The interior features three 12.3-inch screens for the driver, infotainment, and front passenger. Other features include:

- Connected car technology
- Wireless phone charging
- Dual-zone automatic climate control
- Panoramic sunroof
- 16-speaker, 1400W Harman Kardon audio system
- OTA (over-the-air) updates

== Safety ==
Safety features include:

- Seven airbags
- Electronic stability control
- Hill hold assist
- ISOFIX child seat anchors
- Level 2 ADAS with adaptive cruise control, lane keep assist, and emergency braking

The XEV 9e for India was rated 5 Star in Bharat NCAP (based on Latin NCAP 2016) in 2025.

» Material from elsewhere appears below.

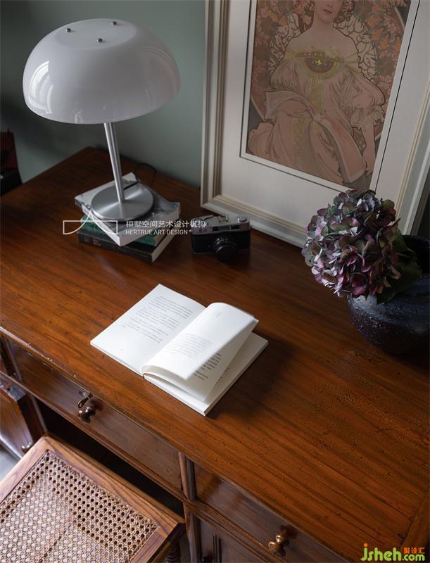 書桌是小時(shí)候就在用的老家具,承載著童年的美好回憶,重慶家居設(shè)計(jì)這次新家裝修特意搬了過來,書柜的配色便是參考書桌的感覺來的,非洲柚木,黃銅拉手,細(xì)管長(zhǎng)虹玻璃,濃郁的復(fù)古味兒,封閉和開放形式相結(jié)合,玻璃元素的參與讓它有了通透感。

Bharat NCAP test results Mahindra XEV 9e (2023, based on Latin NCAP 2016)
| Test | Score | Stars |
|---|---|---|
| Adult occupant protection | 32.00/32.00 | Star |
| Child occupant protection | 45.00/49.00 | Star |

== Performance ==
Mahindra claims that the higher-end variant can accelerate from 0–100 km/h in 6.8 seconds. The car features adjustable regenerative braking (3 levels with one pedal drive) , multiple drive modes (Default, Range, Everyday, Race and Snow), and a 360-degree camera system.

== Paint shades ==
The XEV 9e is available in 8 single-tone colours: Deep Forest (Green), Nebula Blue, Tango Red, Desert Myst (Beige), Ruby Velvet, Everest White and Stealth Black.

== Sales ==
According to Mahindra, over 10,000 units of the XEV 9e and its sibling model, the Mahindra BE 6, were sold within 70 days of launch.

== Market position ==
The Mahindra XEV 9e competes with other electric SUVs in India, including the Tata Harrier EV and the BYD Atto 3.

== Warranty ==
The HV battery pack comes with a lifetime warranty for the first owner if the car is privately registered. In case of change of ownership, warranty coverage is 10 years or 2,00,000km from vehicle's first delivery date, whichever occurs first.